PROJEKT 2005/06 – »Inszenierungen der Küste« – TEILPROJEKTE

»Das Bild der Küste in der holländischen Landschaftsmalerei des 17. Jahrhunderts«

Susan Müller-Wusterwitz

Die Kunsthistorikerin Susan Müller-Wusterwitz verfolgt die Frage nach Inszenierungen der Küste an Beispielen der holländischen Landschaftsmalerei des 17. Jahrhunderts.

Holländische Seestücke geben meist nicht nur Meer und Schiffe wieder, sondern auch etwas von dem Land, das an das Wasser grenzt. Nimmt man die große Gruppe der holländischen Strandbilder hinzu, in denen der Blick vom Land auf das Meer gerichtet ist, so wird ein Themenkomplex erkennbar, dessen innerer Zusammenhang bislang weitgehend unbeachtet geblieben ist: Von topographischen Ansprüchen weitgehend freie Repräsentationen der Küste, in die gesellschaftliche, kulturelle und religiöse Muster der jungen holländischen Republik eingewoben sind. Untersucht werden zunächst Darstellungen der holländischen Küste aus den ersten Jahrzehnten des 17. Jahrhunderts, deren eng begrenzter Motivschatz und konventionelle Kompositionslösungen Aufschluss über das Selbstbild der Vereinigten Provinzen nach dem Abfall von Spanien geben.

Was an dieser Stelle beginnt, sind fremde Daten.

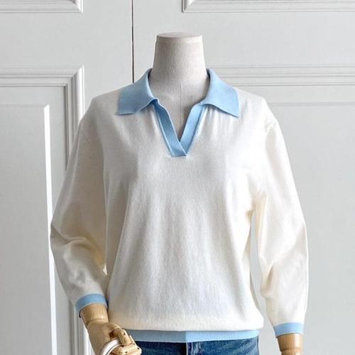 여자 꽈배기 버튼 시보리 칠부반팔 카라넥 니트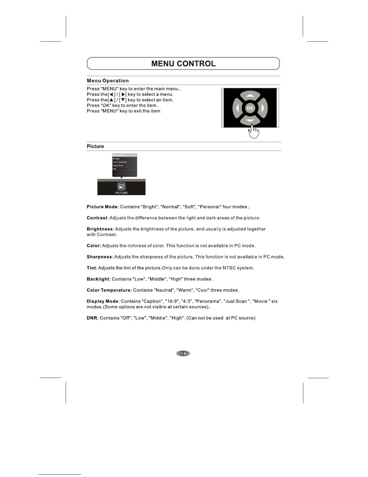 Skyworth 42E38 - MENU CONTROL; Menu Navigation Basics; Picture Settings Adjustment

Die von holländischen Malern entwickelten bildnerischen Mittel, mit denen die heimische Küste als Ort der kollektiven nationalen Identität präsentiert wurde, bestimmten zugleich das Bild von der Fremde, das dezidiert anders aussehen musste. Zu einer wichtigen Chiffre der Fremde wurde der aus dem Wasser ragende Fels, den es an der holländischen Küste nicht gibt. Felsküsten, die in den Gemälden meist Schauplätze eines dramatischen Kampfes von Schiffen und ihren Besatzungen mit den Naturkräften sind, bieten sich für verschiedene allegorische Lesarten an. Darüber hinaus lassen sich diese Darstellungen aber auch als Projektionen der Fremde verstehen, welche die Vorstellungen und Erwartungen des heimischen Publikums widerspiegeln. Für die Ausformung dieser Bildsprache sind zeitgenössische holländische Reisebeschreibungen und die zugehörigen Illustrationen aufschlussreich, an die das Publikum einen vergleichbaren Anspruch stellte. Der Umgang mit der Fremde blieb jedoch nicht auf die Entfaltung eines Gegenbildes zur eigenen Küste beschränkt. Im Laufe des 17. Jahrhunderts kam es zur visuellen Aneignung der Fremde, indem die in der holländischen Landschaftsmalerei entwickelten Bildkonventionen auf das Motiv der ›fremden‹ Küste übertragen wurden.